Pria berprofesi wiraswasta, penyebar berita hoax yang menimbulkan keonaran dikalangan masyarakat, pasca gempa bumi dan tsunami di Palu dan Donggala, ini dibekuk aparat tim Ditreskrimsus Polda Kepri bekerjasama dengan Tim Bareskrim Polri, di sebuah kawasan pemukiman di kota Batam.

“Terhadap perbuatan tersangka JA, dikenakan dengan Pasal 14 ayat (2) dan/atau pasal 15 Undang-Undang Republik Indonesia Nomor 1 Tahun 1946,”kata Kabid Humas Polda Kepri Kombes S. Erlangga didampingi Dirreskrimsus Kombes Rustam Mansur pada awak media, di ruang Media Center Polda Kepri, Nongsa, Batam, Rabu (3/10).

Erlangga menjelaskan, makna pasal yang disangkakan, yang diatur pada pada pasal 14 ayat (2) “berbunyi Barang siapa menyiarkan suatu berita atau mengeluarkan pemberitahuan, yang dapat menerbitkan keonaran dikalangan rakyat. Sedangkan ia patut dapat menyangka bahwa berita atau pemberitahuan itu adalah bohong, dihukum dengan penjara setinggi-tingginya tiga tahun,”ujarnya.

Selain itu, terang dia, dalam pasal 15 disebutkan, ‘Barang siapa menyiarkan kabar yang tidak pasti atau kabar yang berkelebihan atau yang tidak lengkap. Sedangkan ia mengerti setidak-tidaknya patut dapat menduga, bahwa kabar demikian akan atau mudah dapat menerbitkan keonaran dikalangan rakyat, dihukum dengan hukuman penjara setinggi-tingginya dua tahun’.

Dirreskrimsus Polda Kepri, Kombes Rustam Mansur, memaparkan kronologis, pada hari Minggu tanggal 30 September 2018 akun facebook milik pelaku memposting konten berita hoax yang belum pasti kebenarannya yang dapat menerbitkan keonaran dikalangan masyarakat.

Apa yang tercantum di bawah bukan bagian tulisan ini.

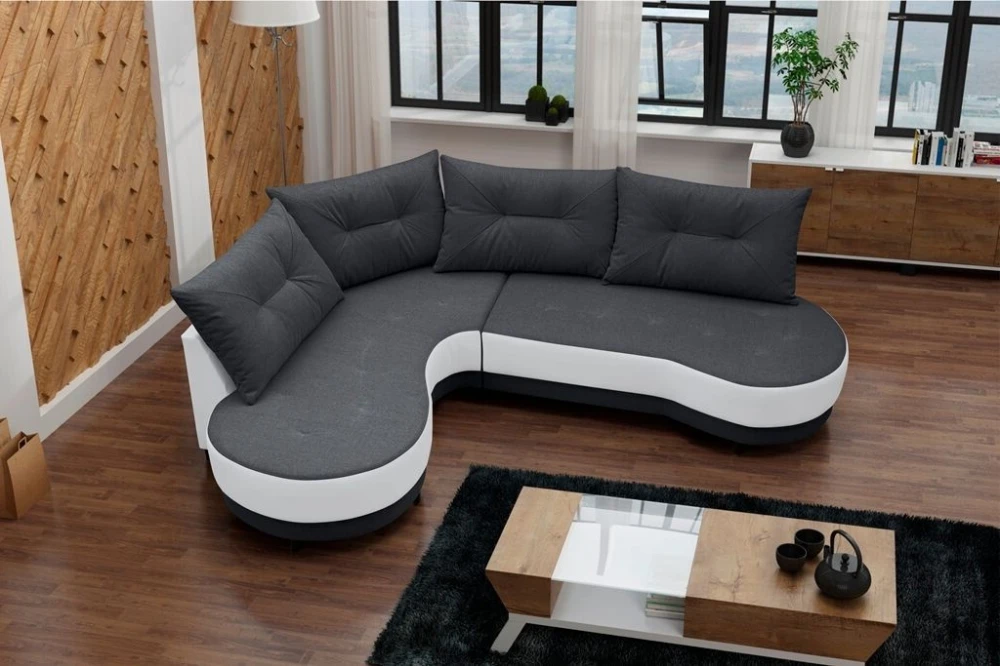 Rohová sedací souprava Abbey zaujme svým neobvyklým, zaobleným tvarem, díky němuž se výrazně odlišuje od klasických i moderních modelů. Tento jedinečný design působí elegantně, jemně a dodává interiéru originální charakter. Abbey nabízí velmi pohodlné sezení, takže se stane nejen stylovou dominantou pokoje, ale také příjemným místem pro každodenní relaxaci.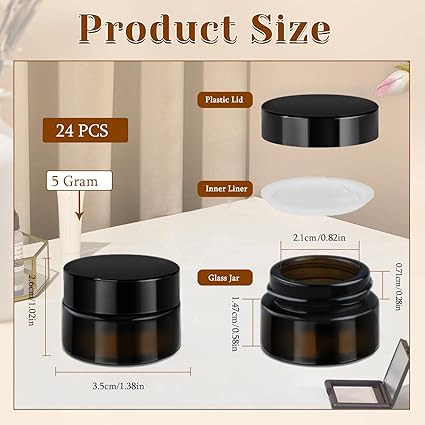 - 【What You Will Get】Package includes 24 pack 5 gram cosmetic glass jars with lids, inner liners and 12 pieces cosmetic sticks. They can be used as private sample jars, also as a good choice to be labelled as gift jars which contain homemade beauty items.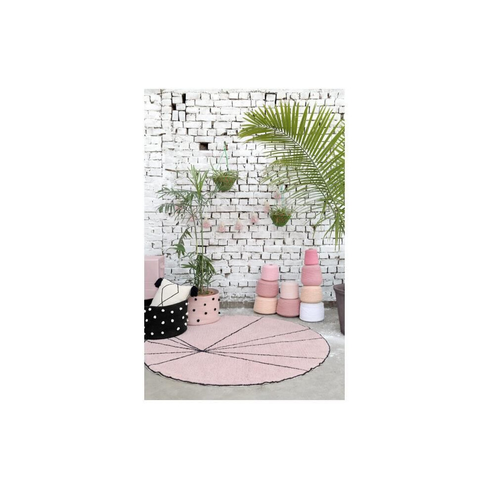 Washable Round Cotton Rug with Pompoms by LORENA CANALS rose

Akun nya, berisi gambar seseorang yang meninggal dunia tenggelam di sungai dan diberi caption “mayat(Lili Ali) yg minta gempa kemarin”.

“Selanjutnya Polda Kepri bekerja sama dengan Bareskrim Polri melakukan profiling dan tim Ditreskrimsus Polda Kepri melakukan penangkapan terhadap yang bersangkutan. Dari pengakuan tersangka, memposting gambar yang disebar tersebut di save dari akun orang lain kemudian di Posting kembali dengan gambar yang sama dengan diberi caption diatas,”jelasnya.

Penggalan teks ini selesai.